An open letter to the President of the Republic of South Sudan Gen. Salva Kiir Mayardit and First Vice President designate Dr. Riek Machar Teny from Equatorian Leaders in the Diaspora regarding the implementation of the Agreement on Resolution of Conflict in South Sudan (ARCISS)


An open letter to the President of the Republic of South Sudan Gen. Salva Kiir Mayardit and First Vice President designate Dr.  Riek Machar Teny from Equatorian Leaders in the Diaspora regarding the implementation of the Agreement on Resolution of Conflict in South Sudan (ARCISS)

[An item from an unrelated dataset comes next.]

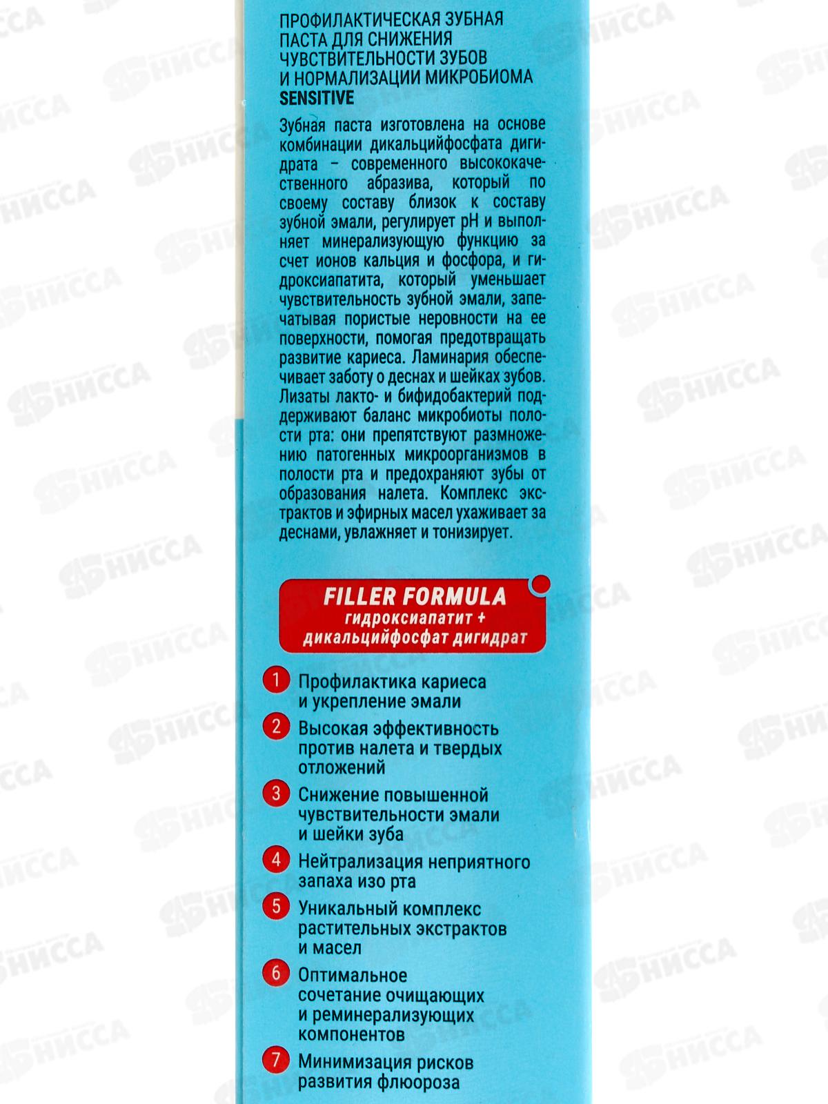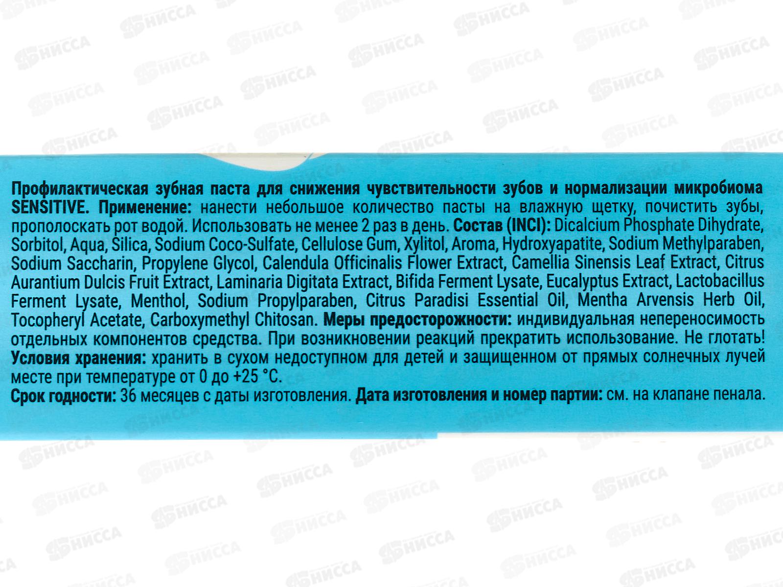Состав: дигидрат фосфата кальция двузамещённого; сорбитол (сорбитовый спирт); вода; диоксид кремния; кокосульфат натрия; целлюлозная камедь (карбоксиметилцеллюлоза); ксилитол (ксилит); ароматизатор; гидроксиапатит; метилпарабен натрия (натриевая соль метилпарабена); сахарин натрия; пропиленгликоль; экстракт цветков календулы лекарственной; экстракт листьев камелии китайской (зелёного чая); экстракт плодов апельсина сладкого; экстракт ламинарии пальчато рассечённой; лизат фермента бифидобактерий; экстракт эвкалипта; лизат фермента лактобактерий; ментол; пропилпарабен натрия (натриевая соль пропилпарабена); эфирное масло грейпфрута; масло травы мяты полевой; ацетат токоферола (витамин?E); карбоксиметилхитозан.
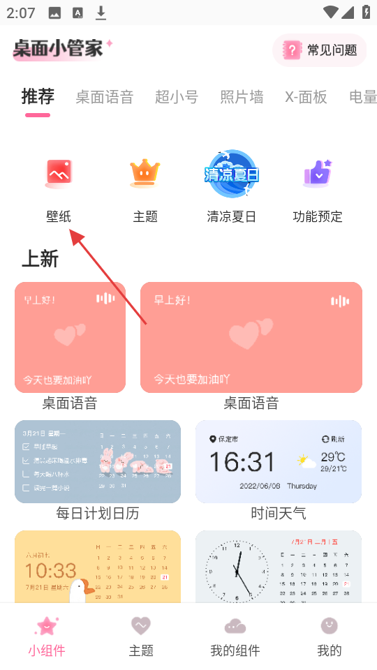 1、在桌面小管家页面,在首页点击壁纸选项。

  • E. Festus Mogae, Chairman of Joint Monitoring and Evaluation Commission (JMEC), Juba, South Sudan
  • The Chair of IGAD-Plus, C/o E Hailemariam Dessalegn, Prime Minister of Federal Democratic Republic of Ethiopia

12th April 2016

From:  Equatorian Leaders in the Diaspora:


  1. Federico Awi Vuni, Chair, Equatorian Community in the UK
  2. Kwaje Lasu, President, Equatorian South Sudanese Community Association, USA
  3. Joseph Modi, President, Equatorian South Sudanese Community Association, Canada
  4. Mr William Orule, Chairperson, Equatoria Community & Welfare Association, NSW, AUSTRALIA

For correspondence: Mr. Federico Awi Vuni; Email:

Your Excellencies,

  1. We would like to take this rare opportunity to welcome the imminent arrival of 1st Vice President designate Dr. Riek Machar to the capital Juba. We appeal to the President of the Republic to extend an open hand in welcoming in good faith, his compatriot Dr. Riek Machar Teny, leader of the SPLM/A (In Opposition) and all those who had taken arms back to the country. Our people have suffered enough; it is time to rebuild the ruins. Now is the time to gain the political courage, wisdom and patriotism and rise above tribal sentiments to silence the guns forever, and to revert the unprecedented social and material damage inflicted upon the people and the land by the “senseless” war that broke out in December 2013.  Unfortunately, in spite of the permanent ceasefire, government forces are on offensive in parts of the formerly peaceful regions of greater Equatoria and Western Bahar el Ghazal and parts of Upper Nile.
  2. We acknowledge the huge challenges awaiting the transitional government of national unity as it embarks in earnest with implementation of the Agreement for resolution of the Conflict in South Sudan (ARCISS) signed in August 2015, by the main parties to the conflict namely: the government of the Republic, the SPLM/A-IO and the Former Detainees. However, as we pointed out in our previous statements, we reiterate that:
    1. The Agreement was not inclusive, it was an Agreement among SPLM/A factions, and therefore ignored other legitimate national political stakeholders.
    2. That the Agreement was flawed because it did not sufficiently address the core issues which led to the outbreak of the conflict in the first place. It merely divided powers between the various factions of the SPLM/A which regrettably is a recipe for future instability.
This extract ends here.